Wait: this guy is supposed to be tough on terror?....So, why would he do that, I wonder? Could this be a set up?
It has been angered by President Bush's accusation that Pyongyang was part of an "axis of evil" producing weapons of mass destruction.
Nobody likes to be called an evildoer...that was not very diplomatic, now was it?
This annoyance was compounded by Washington's decision to withhold this year's certification that North Korea is keeping its side of the Agreed Framework.
It has systematically refused to allow International Atomic Energy Agency (IAEA) inspectors into its nuclear facility at the Yongbyon research base north of the capital.
And why would they, when you had said that they didn't have to allow inspections in.....hmm....the set up looks even more likely
The head of the Non-proliferation Policy Education Centre in Washington, a critic of the Agreed Framework, has warned that even when the new reactors are completed they may not be tamper-proof.
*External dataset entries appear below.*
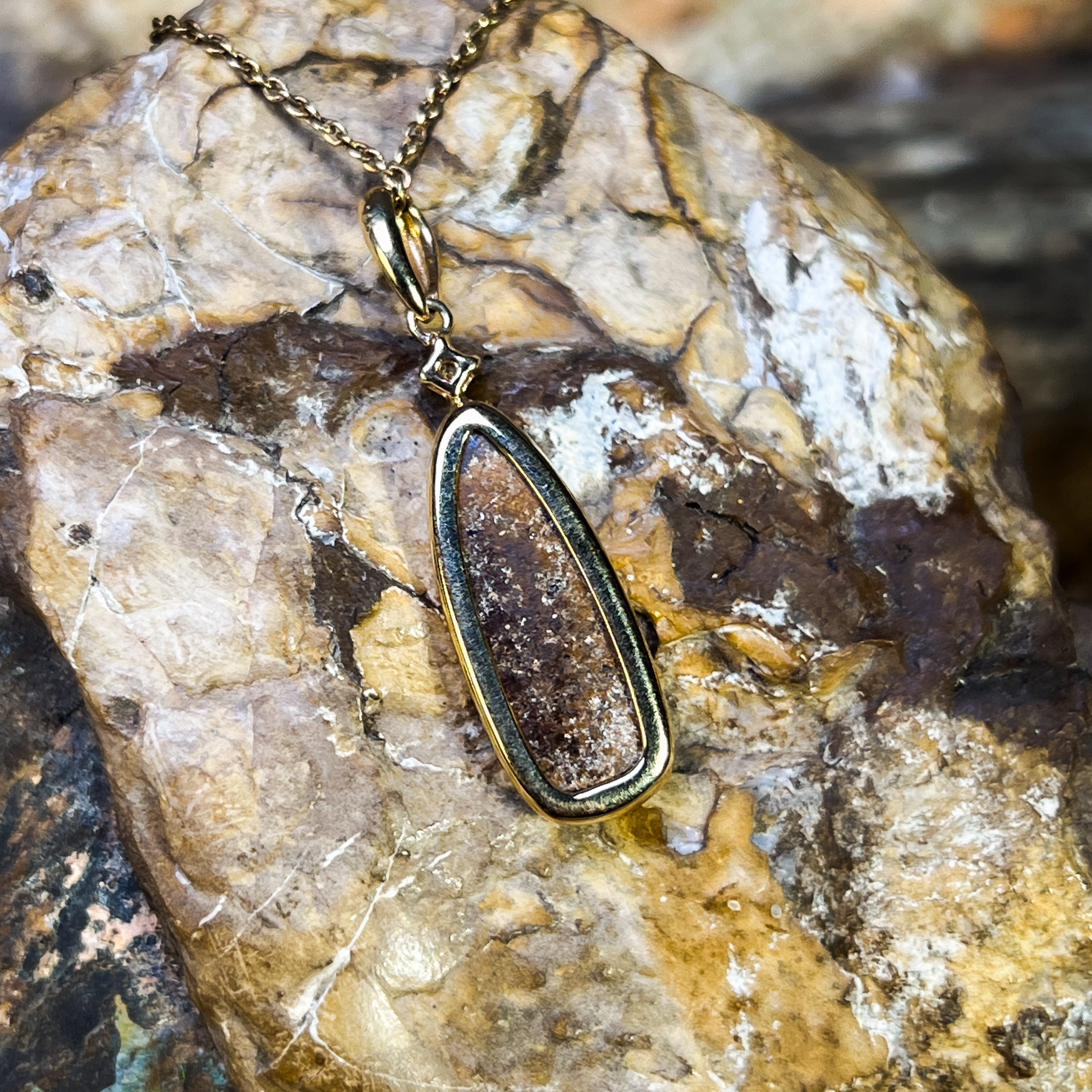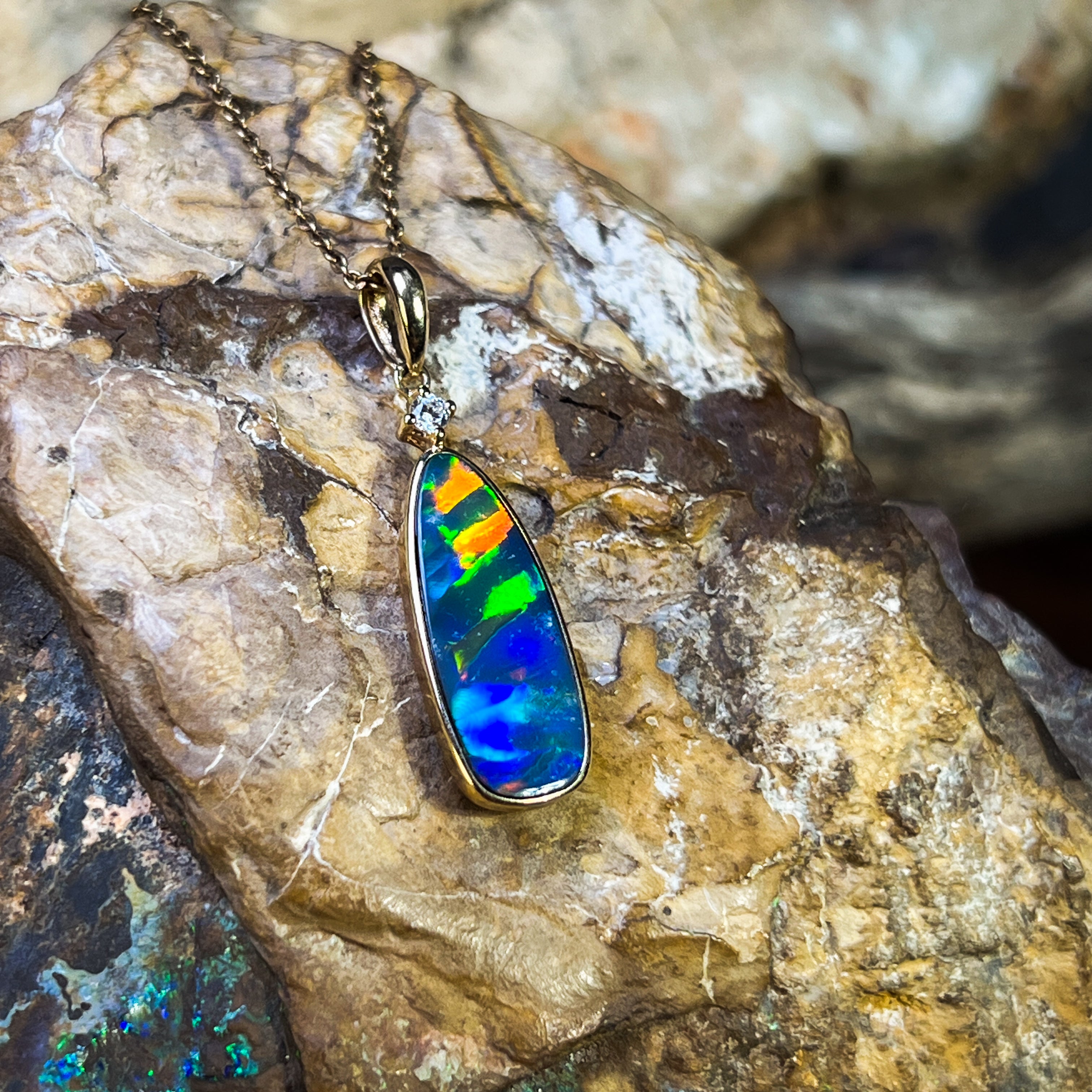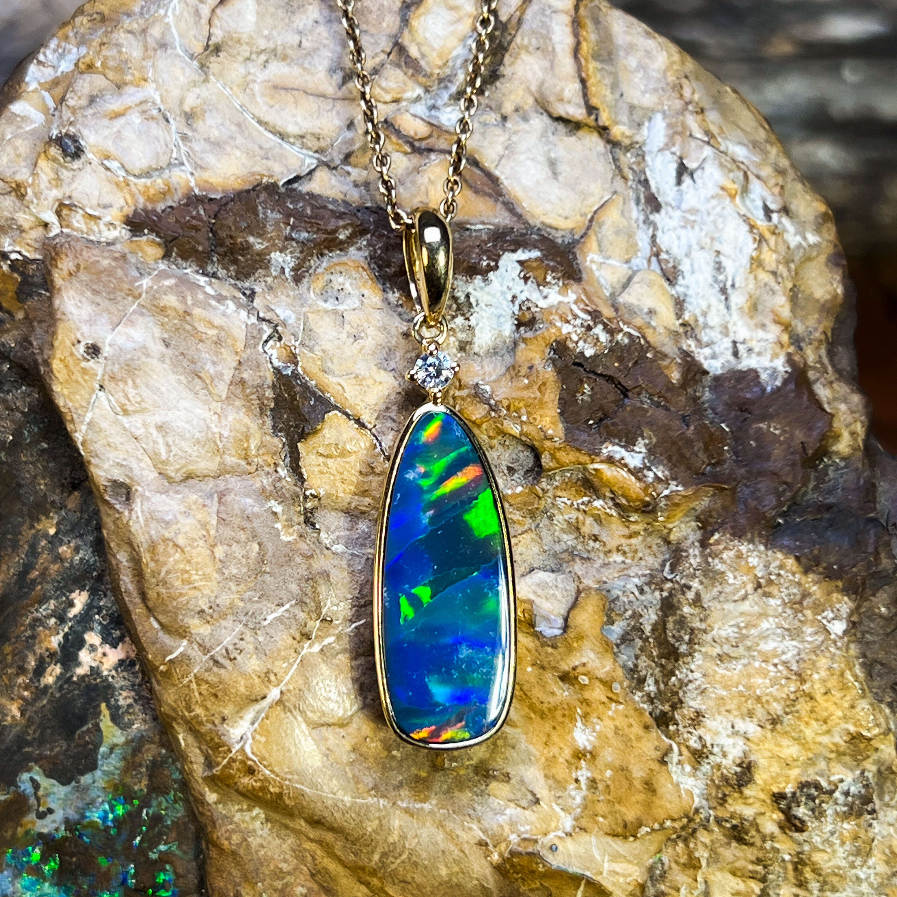 14kt Yellow Gold drop style Opal doublet pendant and diamond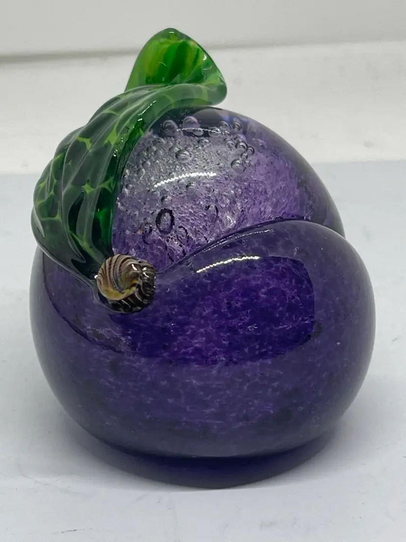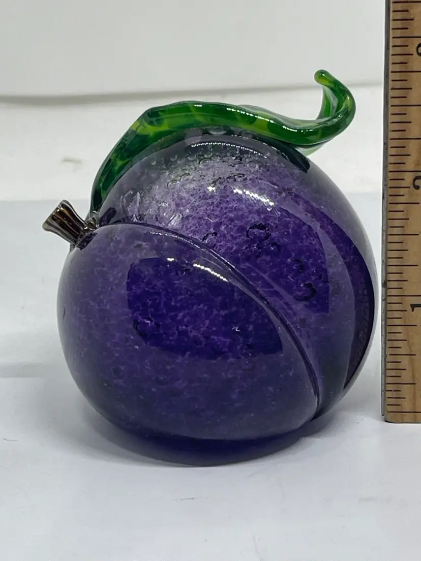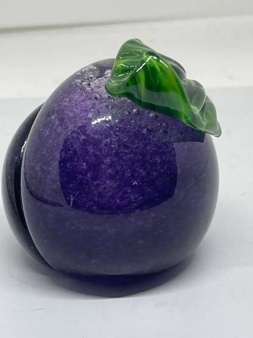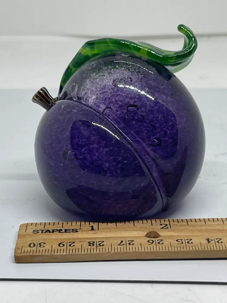 Gorgeous plum paperweight with realistic stem and curled leaf. Dated and signed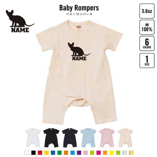 ドンスコイ 名入れベビーカバーオール ロンパース 半袖 出産祝い ベビー服 新生児 80サイズ 綿100% 下着 肌着 パジャマ カバーオール ボディスーツ 猫 ネコ ねこ キャット ペット

"These reactors are like all reactors, They have the potential to make weapons. So you might end up supplying the worst nuclear violator with the means to acquire the very weapons we're trying to prevent it acquiring," Henry Sokolski told the Far Eastern Economic Review.
The head of the Non-proliferation Policy Education Centre in Washington, a critic of the Agreed Framework, has warned that even when the new reactors are completed they may not be tamper-proof.
But OUR Dear Leader doesn't have to listen to experts, he doesn't need to...He's The Decider!
Diplomacy - who needs it?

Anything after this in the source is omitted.